Dopo la conquista cristiana di Cordova nel 1236 da parte di Ferdinando III, la moschea fu convertita in cattedrale e il cortile venne sconsacrato. Nel corso dei secoli, la sua funzione cambiò: divenne chiostro, piazza pubblica, luogo di svago e persino cimitero, racchiudendo in sé la variegata storia della città.

Evoluzione architettonica

Il cortile subì diverse espansioni nel corso della sua storia. Nel X secolo, Abd al-Rahman III lo ampliò verso nord e, più tardi, Almanzor lo estese a est. Una grande trasformazione architettonica avvenne nel XVI secolo sotto la direzione del vescovo Martín Fernández de Angulo e dell'architetto Hernán Ruiz il Vecchio. Questo rimaneggiamento introdusse influenze architettoniche cristiane, come gli archi a sesto acuto che si vedono oggi nelle gallerie.

Il design del giardino e l'esperienza sensoriale

L'attuale aspetto del giardino fu definito tra il 1597 e il 1601 dal vescovo Francisco Reinoso. Sebbene gli aranci siano documentati a partire dal XV secolo, le piantagioni originali del periodo islamico consistevano in palme, cipressi e ulivi. Ulivi e cipressi furono reintrodotti nel XVIII secolo.

Oggi il cortile ospita 98 aranci amari piantati in file precise. In primavera, i loro fiori riempiono l'aria di un profumo delizioso. L'esperienza sensoriale è arricchita dal suono dell'acqua che scorre nei canali d'irrigazione che attraversano la pavimentazione, offrendo un effetto rinfrescante nel clima caldo.

Ingegneria e design ingegnosi

Sotto il cortile si nasconde un elemento notevole: una grande cisterna, o aljibe. Questo avanzato sistema idraulico era progettato per raccogliere l'acqua piovana dal tetto della moschea. L'acqua raccolta veniva utilizzata per le abluzioni rituali e per alimentare un sofisticato sistema di irrigazione con canali rivestiti in mattoni che irrigavano gli alberi.

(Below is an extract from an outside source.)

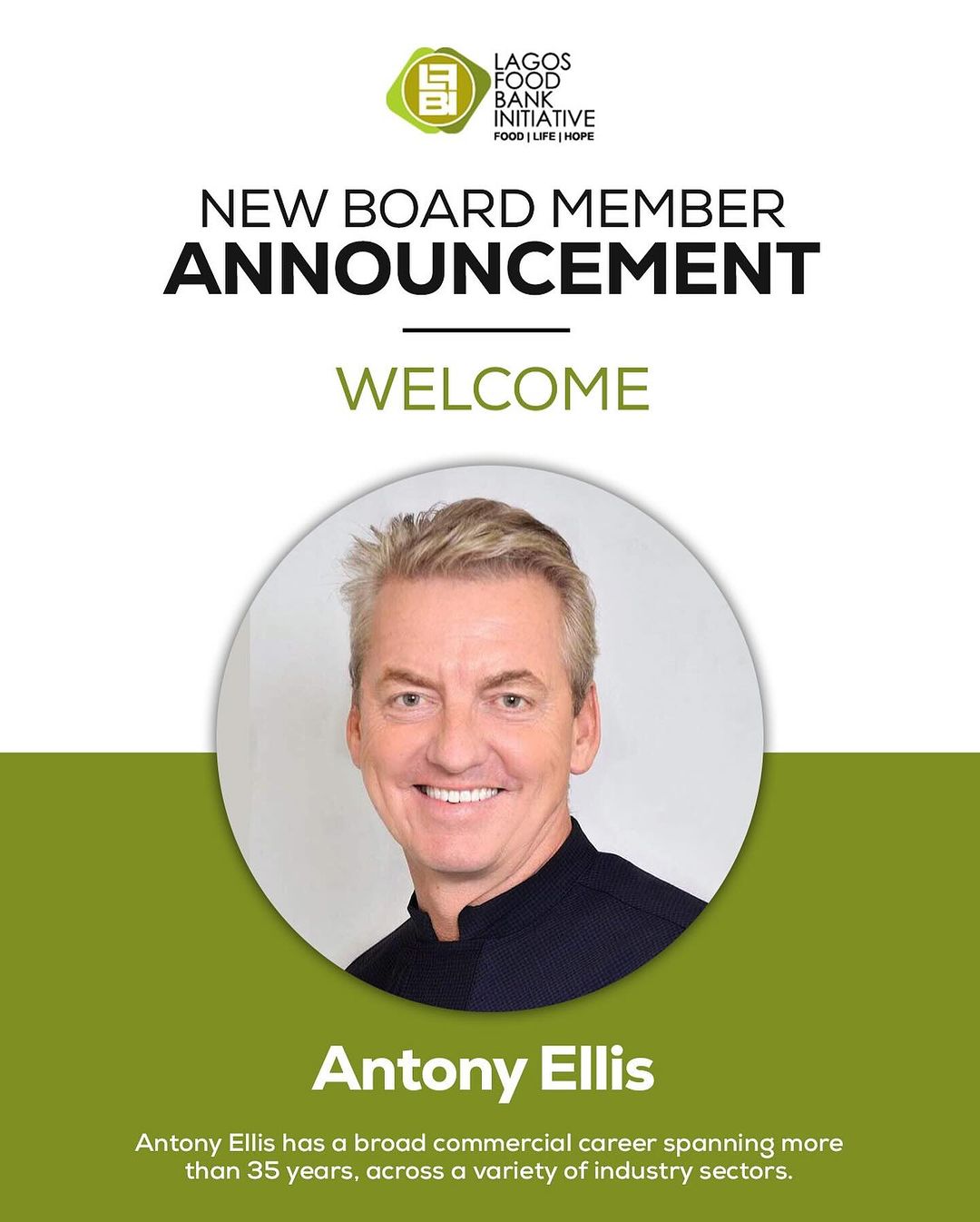 On behalf of the entire governing members of Lagos Food Bank Initiative, we extend our warmest welcome to Mr. Anthony Ellis and look forward to his valuable insights and contributions in advancing our shared goals.

Anche la disposizione del giardino è un capolavoro di progettazione. I 98 alberi sono meticolosamente allineati per rispecchiare la disposizione delle colonne all'interno della Moschea-Cattedrale, creando una continuità visiva tra la famosa 'foresta di colonne' interna e il cortile a cielo aperto.

Il cortile oggi

Attualmente, il Patio de los Naranjos è parte integrante del complesso della Moschea-Cattedrale e una delle principali attrazioni di Cordova. Offre ai visitatori un luogo tranquillo e ombreggiato dove riposare. Lo spazio è utilizzato anche per vari eventi pubblici e celebrazioni, in particolare come punto di ritrovo per assistere alle processioni durante la Settimana Santa (Semana Santa).

FAQ

Qual era la funzione originale del Patio de los Naranjos?

In origine, il Patio de los Naranjos era il cortile delle abluzioni, o 'sahn', della Grande Moschea di Cordova. Era uno spazio dove i musulmani compivano la purificazione rituale prima della preghiera e fungeva anche da area pubblica per l'insegnamento e l'amministrazione della giustizia.

Ci sono sempre stati aranci nel Patio de los Naranjos?

No. Nonostante il nome, le fonti storiche indicano che in origine il cortile fu piantumato con palme, cipressi e ulivi. Gli aranci sono documentati solo a partire dal XV secolo e l'attuale disposizione del giardino fu definita tra la fine del XVI e l'inizio del XVII secolo.

Come vengono irrigati gli alberi del cortile?

Il cortile utilizza un sofisticato sistema di irrigazione alimentato da una cisterna sotterranea, o 'aljibe'. Questa cisterna raccoglie l'acqua piovana dal tetto della moschea, che viene poi distribuita agli alberi attraverso una rete di canali rivestiti in mattoni.

Qual è il significato della disposizione degli alberi nel cortile?

I 98 alberi sono piantati in file che si allineano perfettamente con le colonne all'interno della Moschea-Cattedrale. Questa scelta progettuale crea un'estensione visiva della 'foresta di colonne' interna nello spazio esterno.